By: Timothy T. Seaklon
Liberia’s Information Minister, Lewis G. Brown, has noted that recent development relative to the Supreme Court suspension of Counselor Tah’s license to practice law and its subsequent lifting without the interference of the Presidency is an indication that Liberia is breaking away from the past.
Minister Brown said, “Last week, the President directed that Counselor Christiana Tah resumes the important duties of Minister of Justice and Attorney General of the Republic of Liberia. The President’s directive followed the lifting by the Supreme Court of the suspension of Counselor Tah’s license to practice law.”
He further observed that “the judicial action and the corresponding response of the executive ought not to pass unnoticed because they are instructive of the society we aspire to become, and testify to how far we have travelled to institutionalize the rule of law.”
Speaking during the Information Ministry’s weekly Press briefing last Thursday, Minister Brown said a few years ago, a different course was followed with a different precedent established.
He noted that a similar suspension by the Supreme Court of the license to practice law of a Justice Minister and Attorney General witnessed the public trouncing of the Supreme Court by the presidency.
Minister Brown said the court’s decision was summarily reversed and another public brush with the courts, occasioned the forceful resignation and replacement of the court’s bench, adding “Needless to say, the courts withered in irrelevance.”

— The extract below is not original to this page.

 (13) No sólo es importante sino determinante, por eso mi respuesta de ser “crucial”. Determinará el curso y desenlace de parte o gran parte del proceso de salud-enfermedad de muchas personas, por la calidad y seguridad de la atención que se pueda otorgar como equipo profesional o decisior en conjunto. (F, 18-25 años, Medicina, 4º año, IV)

He observed that the courts shall say what the law is, the bedrock of governing under the rule of law. The Information Minister further said naturally therefore, when the courts are made to be weak, notwithstanding how strong and dominant the presidency may appear to be Liberia’s democratic aspirations fade and the society becomes weak, lawless and insecure.
He noted that such is the ripple effect of undermining the courts as the final venue for the adjudication of disputes and the resolution of claims.

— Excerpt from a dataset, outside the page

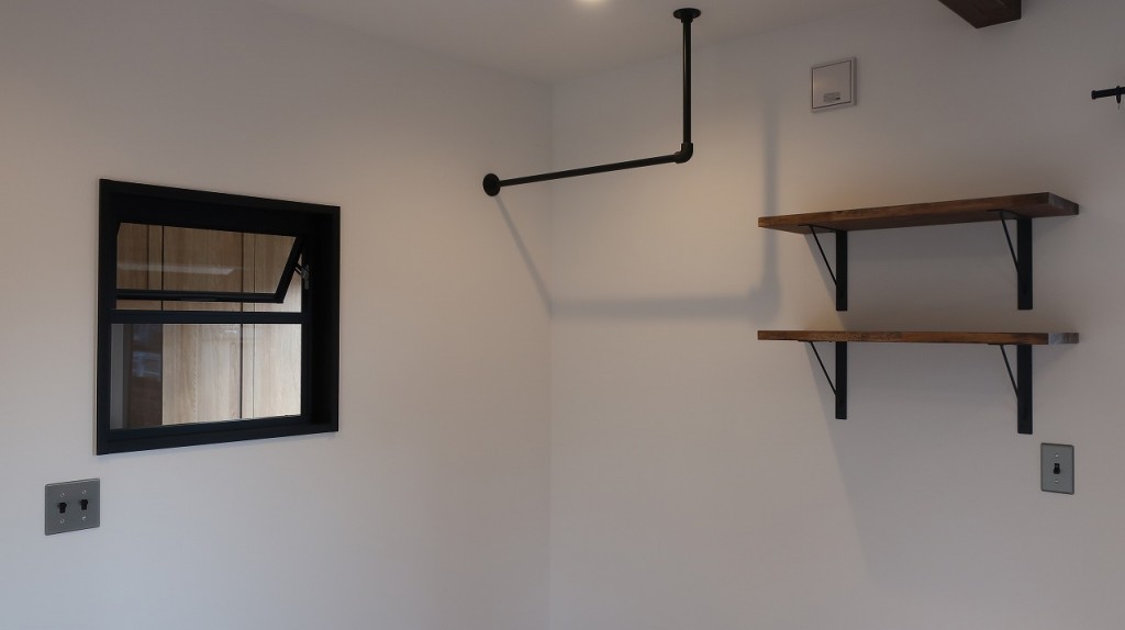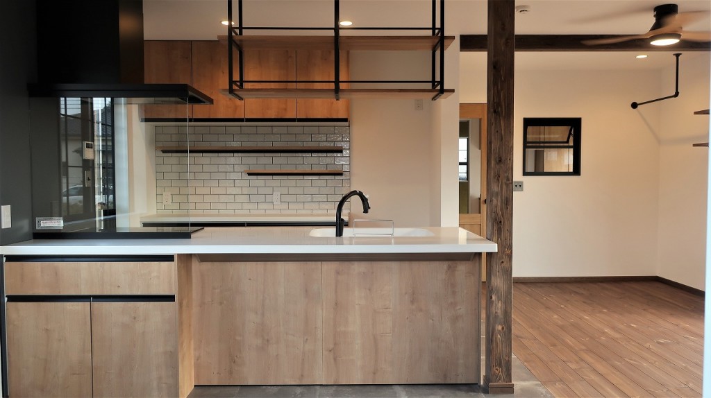 キッチンの上にはウッドワンの『テンツリ』。無垢材の棚板とアイアンの金物の組み合わせがとってもかっこいいです!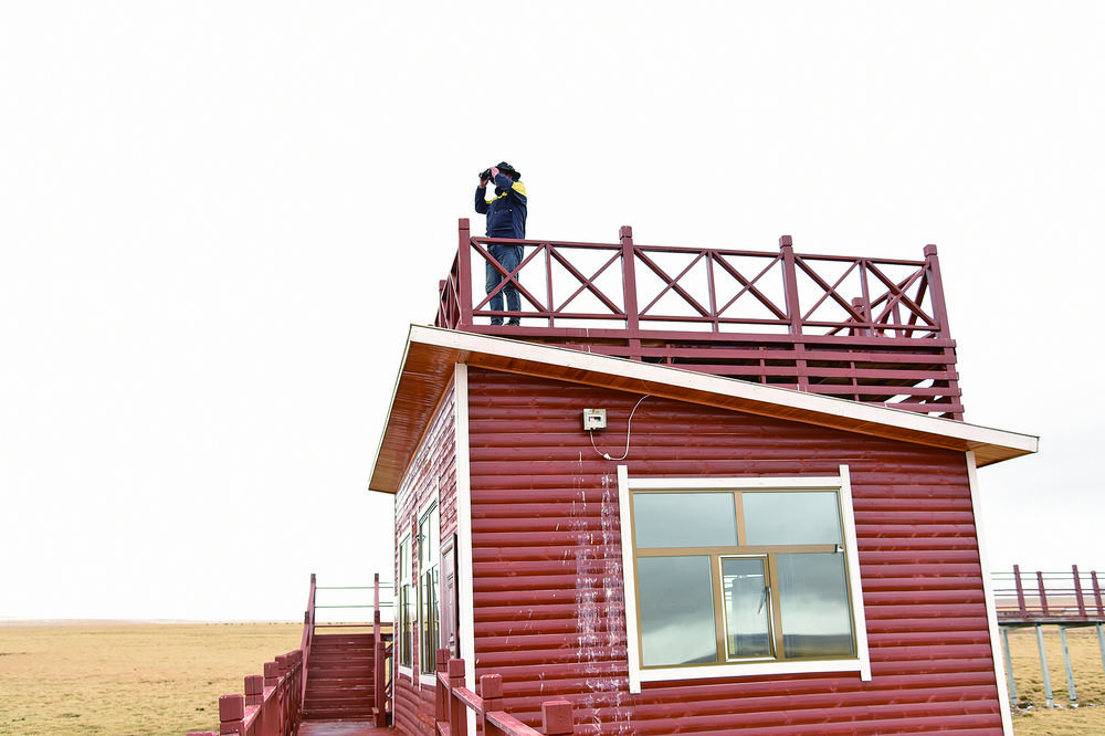 5月17日一早,家住青海省玉樹藏族自治州曲麻萊縣巴干鄉(xiāng)麻秀村1社的生態(tài)管護員扎江,如往常一樣來到德曲源國家濕地進行巡護。細心的扎江站在觀測點上通過望遠鏡看到,一只雌性黑頸鶴正在濕地中央的草甸上產(chǎn)蛋,另一只雄性黑頸鶴默默守護在一旁。

“That we must continue to govern under the rule of law is not a choice we must make only when it seems easy to
do, or when it affects others with whom we share no affinity. It is a collective charge we must always keep because it is right, and it makes our communities safer and our society better. This is the lesson to be drawn here,” he said.
Minister Brown said a second, and equally important feature of this recent experience, which is worthy of notice, is the implication it pervades for an imperial presidency.
“The imperial presidency effectively installs a president as the law of the land, affording the presidency “special powers”, often not assigned by the Constitution, to decide all matters. Simply put, under the imperial presidency, everything begins with the president and ends with the president,” Mr. Brown said.
He noted that because it essentially negates the tripod structure of the State and undermines the independence and coordination which ought to exist between the branches of the government, the imperial presidency thrives where the rule of law is weak.
Minister Brown also said the appearance of dominance which the imperial presidency exudes is really a mirage intended to choke off the fundamental principles of check and balance for which the branches exist, as well as undermine the foundational doctrine of the separation of powers.
“Expressed in more graphic terms, under the imperial presidency, the Legislature is rubber-stamped into obedience and the courts are marginalized from being the proper venues for the adjudication of civil and criminal disputes. Sadly, we came to see that as the imperial presidency grew larger; the Liberian State became smaller and we lost our bearings,” Minister opined.